Activity — The expected answer is a verbatim transcription of the lines below, beginning with the first and ending with the line that holds "Confeccionado em Chiffon, possui", without pictures.

==== Supplied material ====

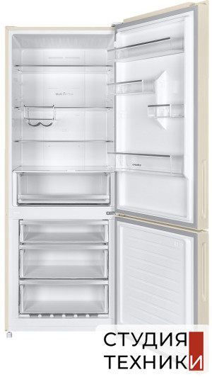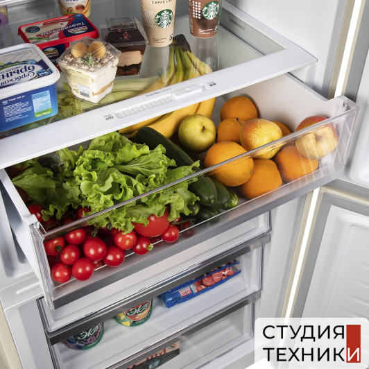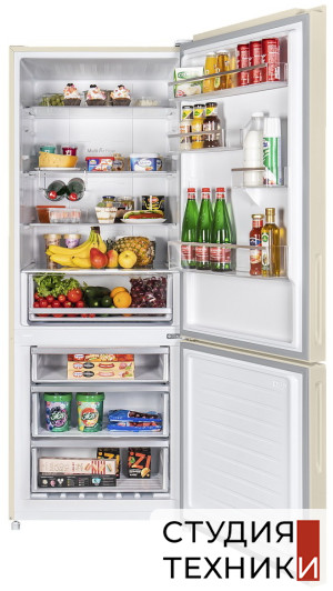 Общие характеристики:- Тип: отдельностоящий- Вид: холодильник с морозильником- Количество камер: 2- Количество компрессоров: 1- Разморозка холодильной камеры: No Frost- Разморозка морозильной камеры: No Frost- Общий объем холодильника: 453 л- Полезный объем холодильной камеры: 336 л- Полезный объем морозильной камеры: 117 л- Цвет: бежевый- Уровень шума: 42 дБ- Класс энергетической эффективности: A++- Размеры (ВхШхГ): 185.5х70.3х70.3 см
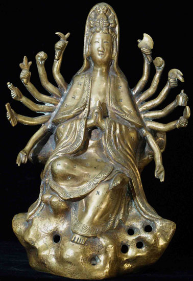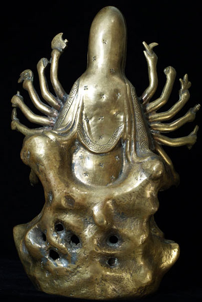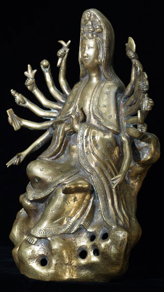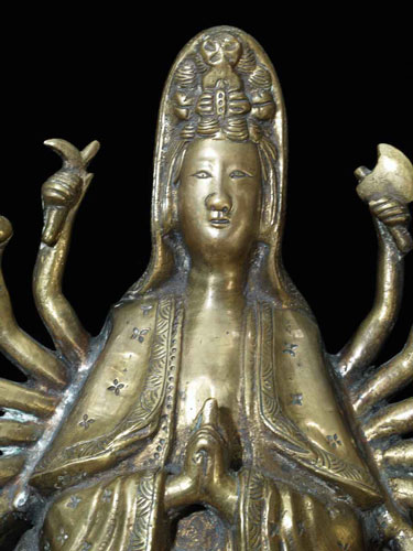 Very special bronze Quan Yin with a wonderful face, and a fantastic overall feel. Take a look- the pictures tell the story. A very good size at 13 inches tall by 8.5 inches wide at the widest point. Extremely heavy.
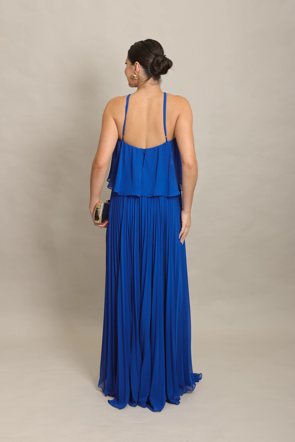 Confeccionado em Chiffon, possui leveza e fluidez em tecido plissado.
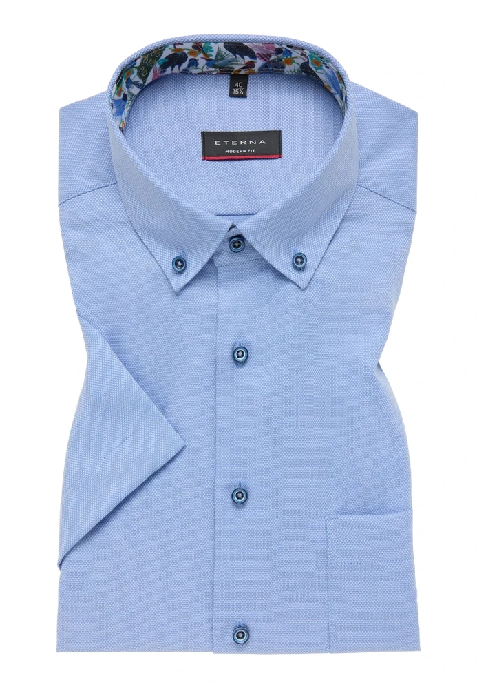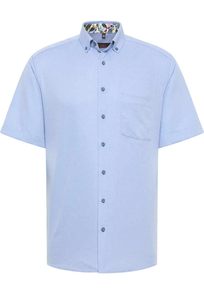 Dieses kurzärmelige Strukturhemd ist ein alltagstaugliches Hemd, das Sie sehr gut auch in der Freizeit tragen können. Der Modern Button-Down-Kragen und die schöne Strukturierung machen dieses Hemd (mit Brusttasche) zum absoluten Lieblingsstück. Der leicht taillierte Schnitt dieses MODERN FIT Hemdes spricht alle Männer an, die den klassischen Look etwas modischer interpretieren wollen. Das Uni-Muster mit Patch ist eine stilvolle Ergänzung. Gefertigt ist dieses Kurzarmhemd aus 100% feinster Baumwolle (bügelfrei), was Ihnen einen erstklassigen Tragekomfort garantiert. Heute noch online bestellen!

====

Exercise result —
 Общие характеристики:- Тип: отдельностоящий- Вид: холодильник с морозильником- Количество камер: 2- Количество компрессоров: 1- Разморозка холодильной камеры: No Frost- Разморозка морозильной камеры: No Frost- Общий объем холодильника: 453 л- Полезный объем холодильной камеры: 336 л- Полезный объем морозильной камеры: 117 л- Цвет: бежевый- Уровень шума: 42 дБ- Класс энергетической эффективности: A++- Размеры (ВхШхГ): 185.5х70.3х70.3 см
 Very special bronze Quan Yin with a wonderful face, and a fantastic overall feel. Take a look- the pictures tell the story. A very good size at 13 inches tall by 8.5 inches wide at the widest point. Extremely heavy.
 Confeccionado em Chiffon, possui leveza e fluidez em tecido plissado.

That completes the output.